The present disclosure relates to data processing and cloud computing, and in particular to a stream computing method and apparatus based on directed acyclic graph (DAG) interaction.

BACKGROUND

Stream computing is a computing mode different from batch computing. It can well analyze large-scale continuous data in real time during an ever-changing movement process, extract useful information, and quickly transfer a computation result to a downstream node. After a user configures a batch interval, a checkpoint and other information, and composes a DAG of job stream execution by dragging, the DAG graph is processed by using the ideal of microbatches of SparkStreaming, to be transformed into an executable program logic, which is then submitted to a computing cluster for execution. In addition, in a current real-time job stream computing solution, nodes in the DAG are managed in a distributed manner, which means that each node has its own encapsulation logic, and is distinguished by field information described for the node.

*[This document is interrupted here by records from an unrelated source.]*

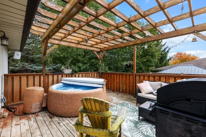 +"PublicRemarks": "** OPEN HOUSE SATURDAY MAY 2 - 12-2PM** Welcome to this beautifully maintained raised bungalow nestled on a quiet crescent just steps from local amenities and the scenic Elora Cataract Trail. This home exudes pride of ownership throughout with elegant crown molding accenting the main living spaces and a functional layout designed for family living. The main level offers three bedrooms (one bedroom conveniently features the second laundry) and a tastefully updated semi-ensuite featuring porcelain tile flooring and a granite topped vanity. You will appreciate the fresh neutral paint tones recently applied to the primary bedroom and the upper level washroom which provide a bright and modern feel. The principal rooms feature durable easy-care flooring and a walkout from the dining area to a large deck with an open pergola perfect for outdoor relaxation. The lower level presents an excellent opportunity for in-law or multigenerational living as it comes complete with a kitchenette, a spacious recreation room with a gas fireplace, and a separate laundry area. This level also features a ground-level walkout to the beautifully landscaped backyard which serves as a private summer oasis. You can enjoy endless summer days entertaining by the above-ground saltwater pool (with a sand filtration system) or relaxing on the flagstone patio beside the fire pit. The large fenced lot provides plenty of space for family enjoyment and outdoor activities. Additional highlights include an attached insulated single-car garage and a double-wide concrete driveway for ample parking. Numerous thoughtful updates have been completed recently including a new upper level electrical panel with a separate meter, a new heat pump HVAC system, and an owned tankless water heater all installed in 2024. This exceptional home offers the perfect blend of comfort and style in a family-friendly neighbourhood and represents a true gem in the heart of Elora."
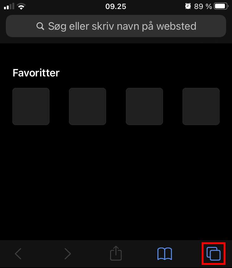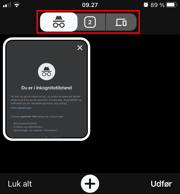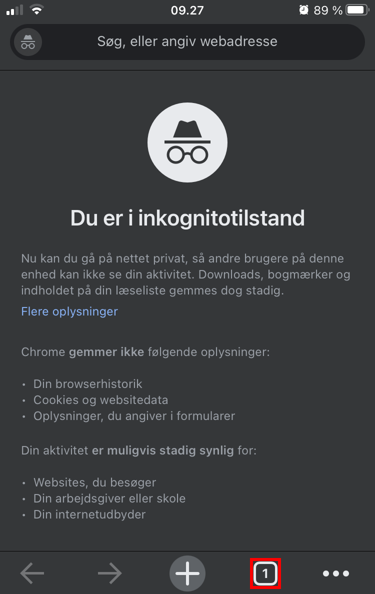 Du er nu i Inkognito! Skift mellem Inkognito og almindelige faner ved at trykke på firkanten i bunden af skærmen
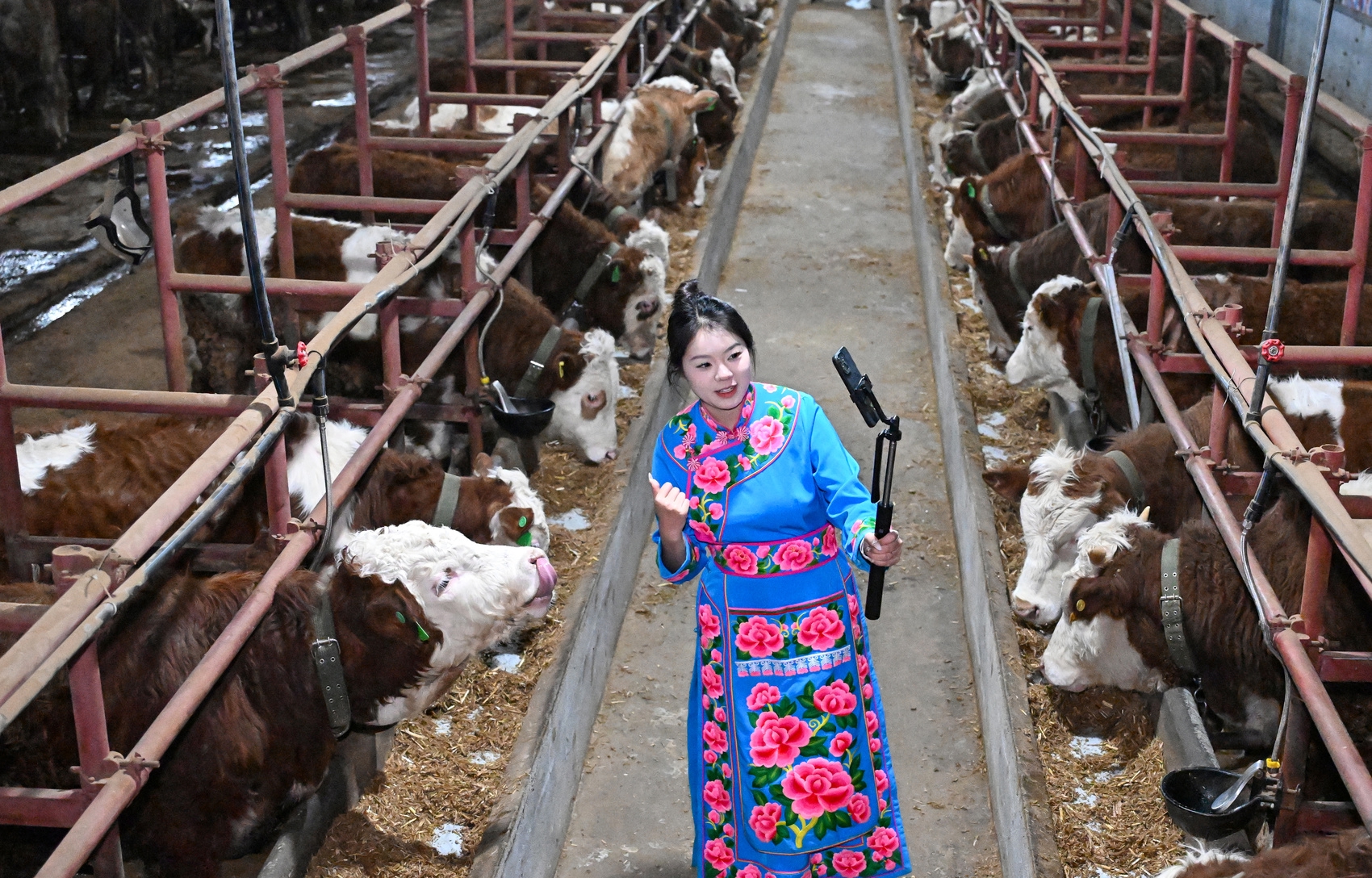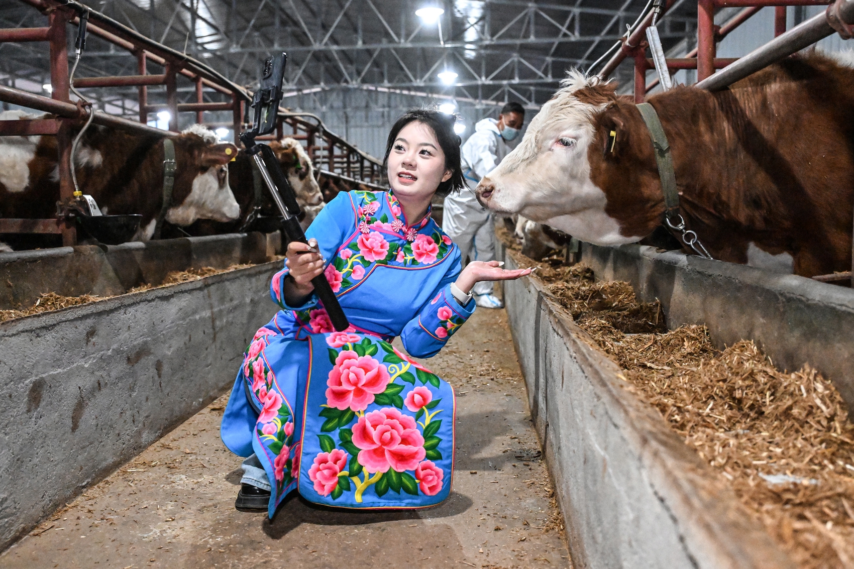2026年3月13日,阿坝州汶川县灞州镇周达村的主播张知英正在直播推荐家乡肉牛。大学毕业后,张知英返乡成为一名网络主播,采取“线上+线下”模式拓宽农产品销售渠道,为家乡代言。三年来,她先后获评“阿坝州乡村代言人”“汶川县乡村代言人”。

However, as the amount of data increases and the demand for computational accuracy and real-time increases with each passing day, such a configuration has gradually caused problems. On one hand, as SparkStreaming regards a stream as a special case of a batch, and due to its underlying logic relying on time intervals, SparkStreaming is actually a near-real-time computing framework. Although it can implement part of the stream computing service, however, for some computing scenarios with a large data volume and high requirements on real-time and accuracy, such as an event level scenario and a stateful computing scenario, the computational accuracy and performance of SparkStreaming decline, and for scenarios where computing is distributed on multiple machines and there is a delay in data transmission, SparkStreaming running scenarios cannot meet customers' needs. On the other hand, the program of each node in the DAG is encapsulated in a different computational logic. Therefore, in a complex service logic, a job stream and the initialization of its nodes and related class loading will inevitably cause great network and time overhead, which affects system performance.

SUMMARY

According to one aspect of the present disclosure, a stream computing method based on directed acyclic graph (DAG) interaction is provided, including the following steps: generating first DAG job stream description information according to a first DAG node graph composed of DAG nodes belonging to a first type set; converting the first DAG job stream description information into second DAG job stream description information by converting the DAG nodes belonging to the first type set into DAG nodes belonging to a second type set suitable for a FLINK engine; encapsulating the second DAG job stream description information into a DAG execution package, the DAG execution package including the second DAG job stream description information and an arithmetic logic of nodes associated with the second DAG job stream description information; and sending the DAG execution package to a job running cluster.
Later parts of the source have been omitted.